The holiday sales season is in full swing, and that means extra demands on your product fulfillment services arm.
As eCommerce sales continue to break records, it would seem that it’s all coming up roses, but there’s a flip side to sales of this magnitude: sometimes-significant amounts of merchandise returns. According to the National Retail Federation, about 10 percent of last year’s holiday retail purchases were returned, amounting to over $63 billion worth of merchandise!
Handling Returns and Staying in the Black
Although the holiday shopping season is the most exciting for shoppers and retailers alike, it’s the January that follows that is the most stressful for reverse logistics. Not only do eCommerce outlets have to brace themselves for the sheer volume of returns coming in all at once, they need to figure out a way to cut their losses.

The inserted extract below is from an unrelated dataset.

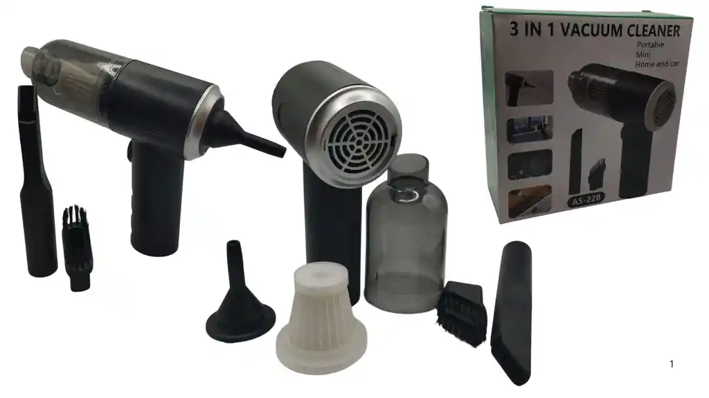 Producto: Aspiradora 3 en 1 Mini Portátil Ideal para el Hogar y el Carro Referencia: AS-228 Potente, práctica y fácil de usar. La Aspiradora 3 en 1 Mini Portátil referencia 610A es la solución ideal para mantener limpios los espacios de tu hogar y tu vehículo de manera rápida y eficiente. Gracias a su diseño compacto y liviano, podrás llevarla a cualquier lugar y utilizarla en espacios reducidos sin dificultad. Su sistema 3 en 1 permite aspirar polvo, migas, suciedad ligera y residuos pequeños en diferentes superficies como muebles, escritorios, teclados, asientos de carro, alfombras y rincones difíciles de alcanzar. Es perfecta para mantener tu carro impecable y tu hogar libre de polvo en todo momento. Su diseño ergonómico facilita el agarre y la manipulación, permitiendo una limpieza cómoda y sin esfuerzo. Además, cuenta con accesorios funcionales que mejoran la experiencia de uso, adaptándose a distintas necesidades de limpieza. CARACTERÍSTICAS: Diseño compacto, liviano y portátil Función 3 en 1 para diferentes tipos de limpieza Ideal para el hogar y el carro Fácil de usar y transportar Sistema de succión eficiente Condición del producto: Nuevo MEDIDAS: Medidas compactas ideales para guardar en compartimientos del vehículo o cajones del hogar ¿QUÉ INCLUYE TU PRODUCTO? 1 Aspiradora 3 en 1 Mini Portátil referencia 610A Accesorios funcionales para limpieza en diferentes superficies MMMMMMMMMMMMMMMMMMMMMMMMMMMMMMMMMMMMMMMMMMMMMMMMM MÁS DETALLES: Condición: Nuevo MAS INFORMACIÓN DE NOSOTROS Somos INVERSIONES MAZUGI. Importadores directos desde china Cumplimos con distribuir a todo el país. Estamos ubicados en Bogotá, somos tienda virtual y física PRODUCTOS AL POR MAYOR Y DETALLE Somos una empresa importadora y comercializadora de productos de Alta Calidad de varias categorías como: belleza, tecnología, hogar, juguetería, cuidado personal, entre otras.

Your reverse logistics team should be prepared to sort your returns into a variety of bins:
- Resellable As Is. Holiday gifting can make it easier to resell certain items, since recipients often know right away if their gift won’t work for them. Items that haven’t been worn, have all the packing intact and are still in season can be put right back into inventory and sold as a new product, only costing you the shipping.
- Resellable With Modifications. Sometimes merchandise comes in soiled, broken or otherwise dysfunctional. In these cases, your reverse logistics team will need to be savvy enough to determine if these items can be fixed, cleaned or repackaged (or all three!) in a reasonable enough time frame to return them to the sales floor.If they’re simply out of season or discontinued products, the goal is to figure out if they can still be sold at a discount. You’ll still get something back and may even break even on the returned items in this case.
- Truly unsellable or broken items can sometimes be sold elsewhere for scrap, it should always be an option in your reverse logistics chain. Although scrapping things like computer systems can be time-consuming, the materials do have some value and you’ll be keeping some amount of waste from the landfill. You may not break even on these items, but you’ll recoup some amount of your cost, depending on what you have for the scrappers.
- Items that are returned and are deemed garbage are the least desirable from a retailer’s perspective. Even though it’s inevitable, a good reverse logistics team can help minimize the percentage of returns that go this bad.
As holiday sales start to slow, it’s time to think about holiday returns. The faster your company can respond to that incoming merchandise, the more you can return to your shelves, reducing your overall loss to the inevitable flood of unwanted, ill-fitting and wrong-color gifts.